╭─ INPUT
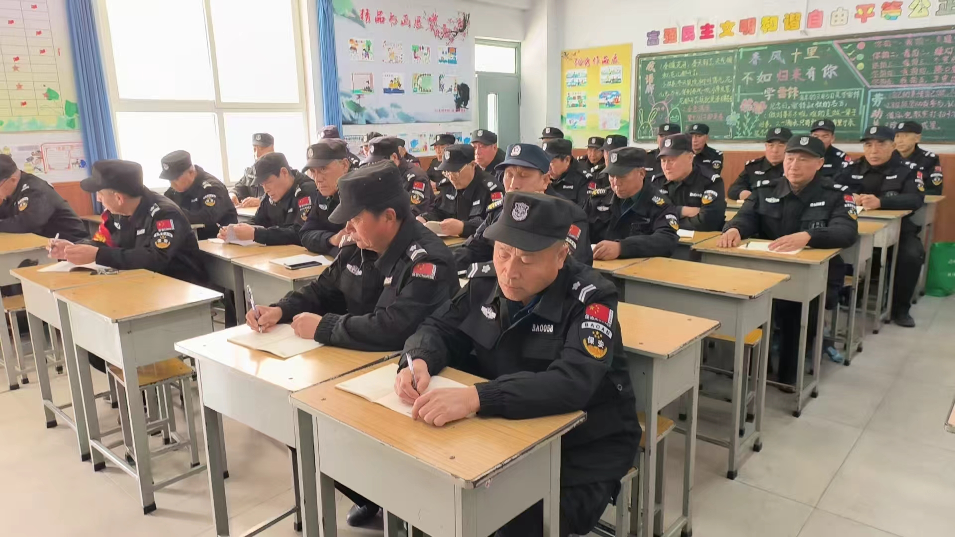 训练全程坚持严格要求、严格训练、严格管理,确保人员、时间、内容、效果四落实。参训队员认真做好学习笔记,系统学习保安员员工守则、保安员资格考试题库、保安员应知应会知识、基础队列、保安防卫器材使用和消防器材使用实际操作、应急处置等内容,同步开展队列素养、器械使用、现场协同等实操训练,真正做到学以致用。
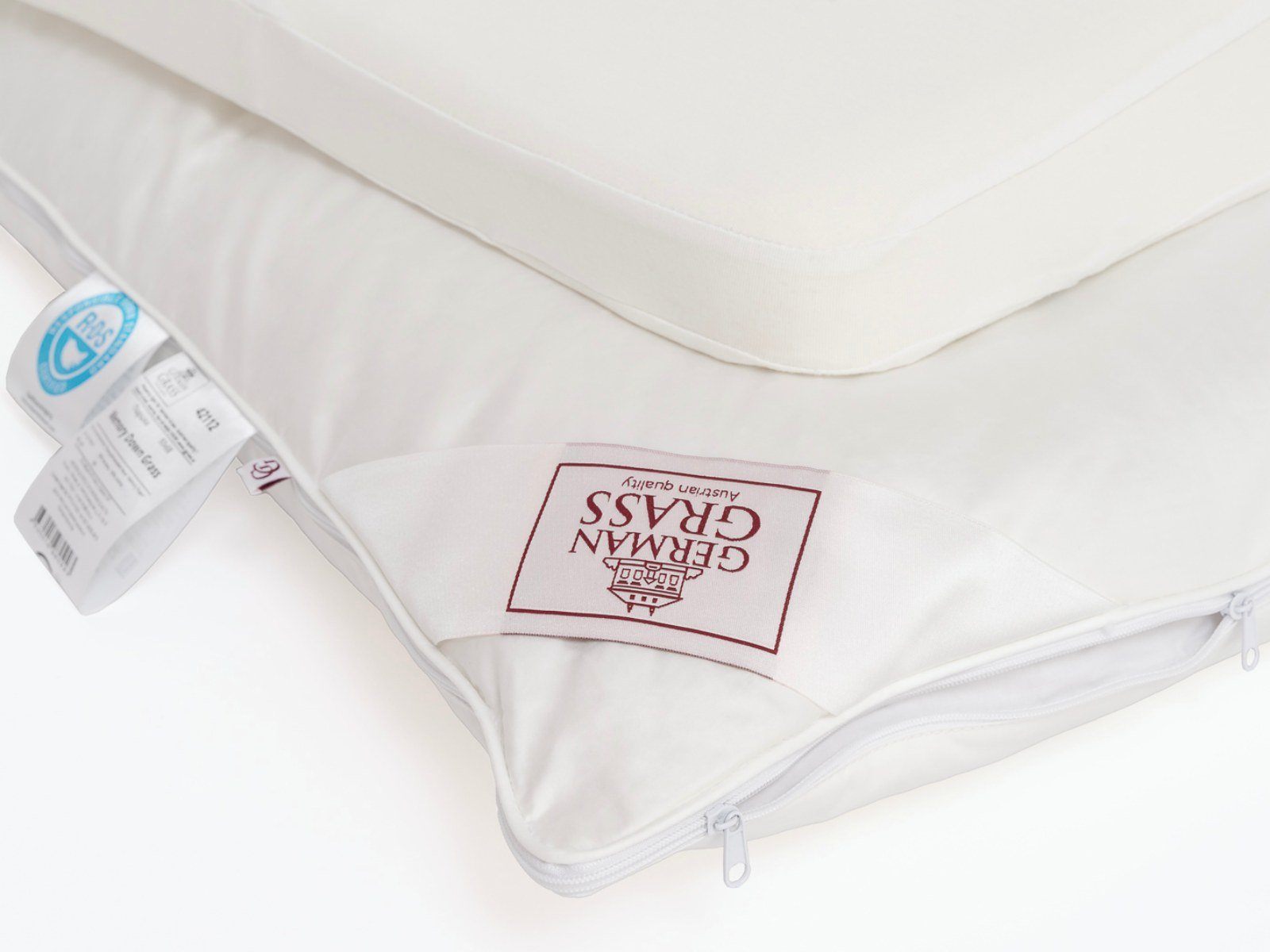 Съемный чехол на молнии с наполнителем из нежного гусиного пуха. Отобранный вручную, нежный пух подарит Вам особенно комфортный сон, сохраняя важные для здоровья ортопедические свойства подушки.
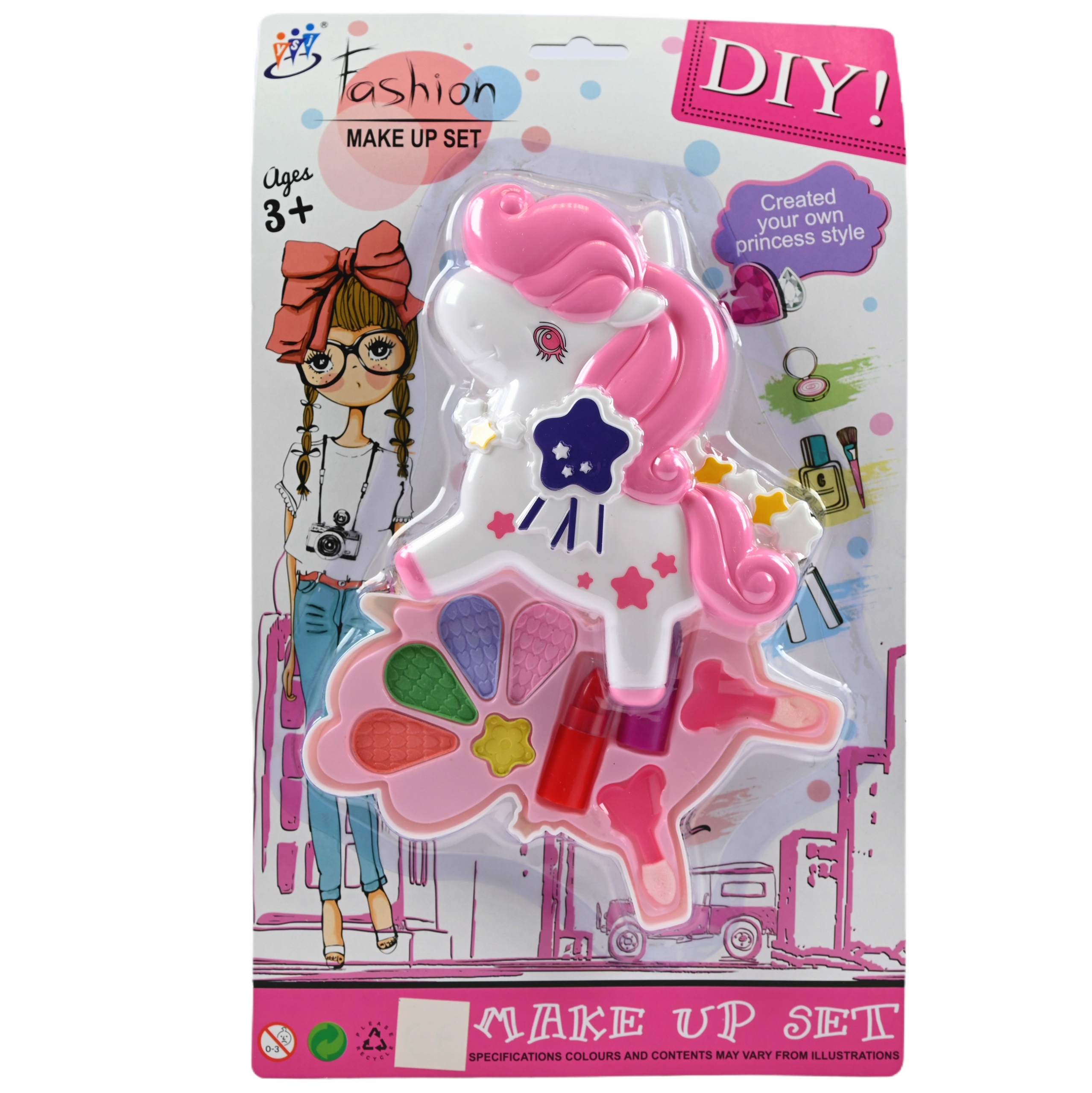 Wspaniały zestaw do malowania dla każdej małej dziewczynki. Kosmetyki zamknięte są w kolorowym, zamykanym pudełku.
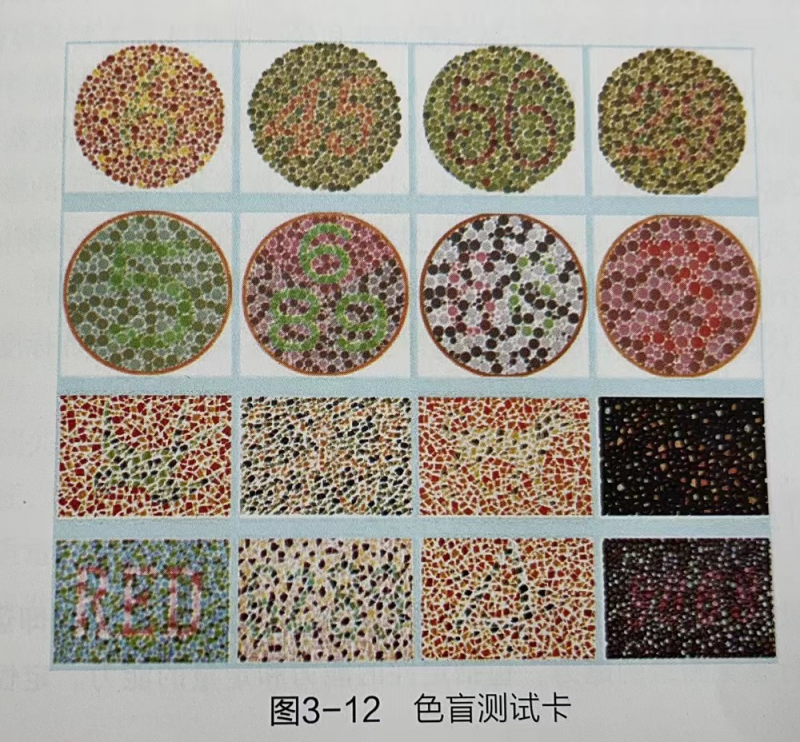 全色盲是色覺障礙中最嚴重的一種,患者喜暗、畏光,表現為晝盲。對于顏色只有明暗之分,而無顏色差別。紅色盲又稱第一色盲,患者主要是不能分辨紅色,對紅色與深綠色、藍色與紫紅色以及紫色不能分辨,常把綠色視為黃色,紫色看成藍色,將綠色和藍色相混視為白色。綠色盲又稱第二色盲,患者不能分辨淡綠色與深紅色、紫色與青藍色、紫紅色與灰色,把綠色視為灰色或暗黑色。臨床上把紅色盲與綠色盲統稱為紅綠色盲,該類患者比較常見。我們平常說的色盲一般就是指紅綠色盲。藍黃色盲又稱第三色盲。患者藍黃色混淆不清,對紅、綠色可辨。實踐中,主要采用色盲測試來初篩評價員的視覺條件,色盲測試采用如圖3-12所示的測試卡形式。
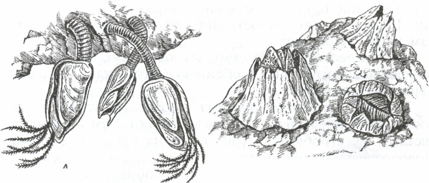 | Рис. 45. Усоногие раки: А - морские уточки; Б - морские желуди |
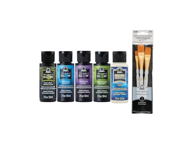 - EVERYTHING YOU NEED – Included in this kit are FolkArt Invisible Glow Stardust, FolkArt Invisible Glow Green, FolkArt Invisible Glow Blue Beam, FolkArt Invisible Glow Purple Pop, FolkArt Super Glow and FolkArt 3 pc Flat Brush Set.
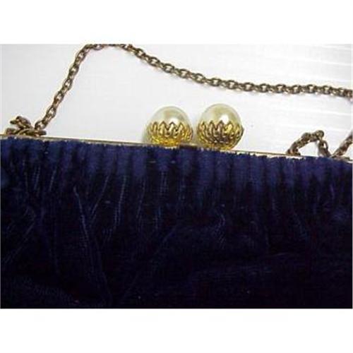 Gorgeous vintage purse, Hand made in France Love the frame with two ornate large pearls,This purse is made from lovely navy blue color velvet and lined with off white satin.(orig. label on inside).Love the elegance of this purse.Excellent condition nice and clean, some wear showing on the velvet around the frame.This is a true gem perfect addition for a serious collector.US Buyer please pay 7.00 for shipping plus insurance, Thank You very much for looking!
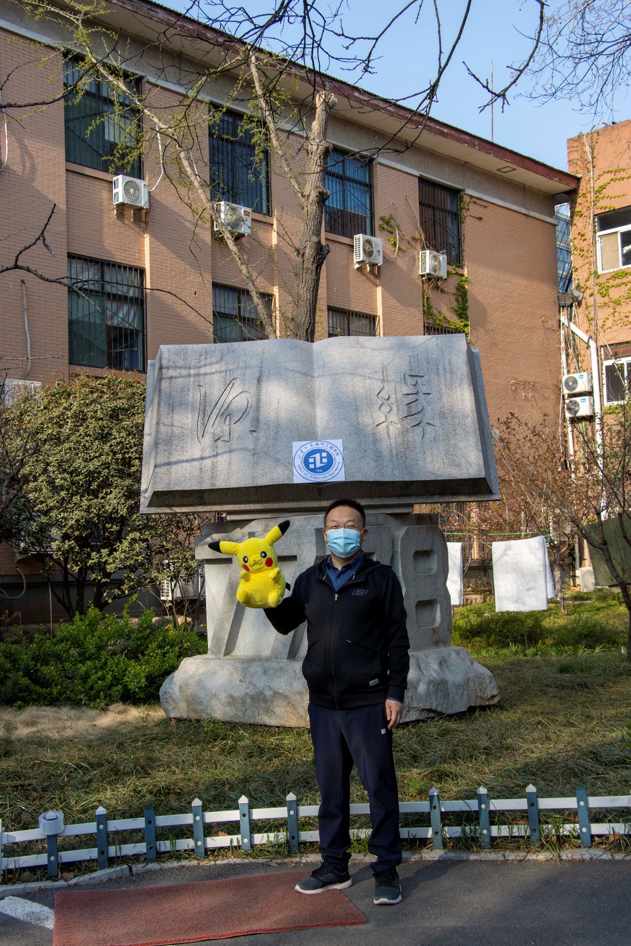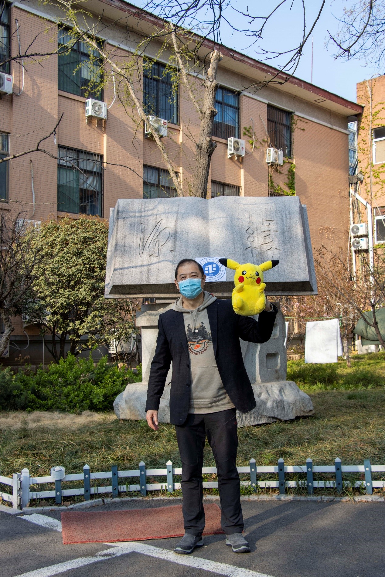 致辞结束后,殷录民、丁磊、宋思利与宋济平共同开启了打卡活动的序章,在5号楼前的首个打卡任务点与电气吉祥物皮卡丘进行合照,为后续同学们的打卡活动做出良好表率。
╰─
§ **TASK DETAILS**:
Write out, word for word, the lines from the first line of the entries through the one containing "- EVERYTHING YOU", both included. Leave out the pictures.

§ **EXERCISE RESULT**:
 训练全程坚持严格要求、严格训练、严格管理,确保人员、时间、内容、效果四落实。参训队员认真做好学习笔记,系统学习保安员员工守则、保安员资格考试题库、保安员应知应会知识、基础队列、保安防卫器材使用和消防器材使用实际操作、应急处置等内容,同步开展队列素养、器械使用、现场协同等实操训练,真正做到学以致用。
 Съемный чехол на молнии с наполнителем из нежного гусиного пуха. Отобранный вручную, нежный пух подарит Вам особенно комфортный сон, сохраняя важные для здоровья ортопедические свойства подушки.
 Wspaniały zestaw do malowania dla każdej małej dziewczynki. Kosmetyki zamknięte są w kolorowym, zamykanym pudełku.
 全色盲是色覺障礙中最嚴重的一種,患者喜暗、畏光,表現為晝盲。對于顏色只有明暗之分,而無顏色差別。紅色盲又稱第一色盲,患者主要是不能分辨紅色,對紅色與深綠色、藍色與紫紅色以及紫色不能分辨,常把綠色視為黃色,紫色看成藍色,將綠色和藍色相混視為白色。綠色盲又稱第二色盲,患者不能分辨淡綠色與深紅色、紫色與青藍色、紫紅色與灰色,把綠色視為灰色或暗黑色。臨床上把紅色盲與綠色盲統稱為紅綠色盲,該類患者比較常見。我們平常說的色盲一般就是指紅綠色盲。藍黃色盲又稱第三色盲。患者藍黃色混淆不清,對紅、綠色可辨。實踐中,主要采用色盲測試來初篩評價員的視覺條件,色盲測試采用如圖3-12所示的測試卡形式。
 | Рис. 45. Усоногие раки: А - морские уточки; Б - морские желуди |
 - EVERYTHING YOU NEED – Included in this kit are FolkArt Invisible Glow Stardust, FolkArt Invisible Glow Green, FolkArt Invisible Glow Blue Beam, FolkArt Invisible Glow Purple Pop, FolkArt Super Glow and FolkArt 3 pc Flat Brush Set.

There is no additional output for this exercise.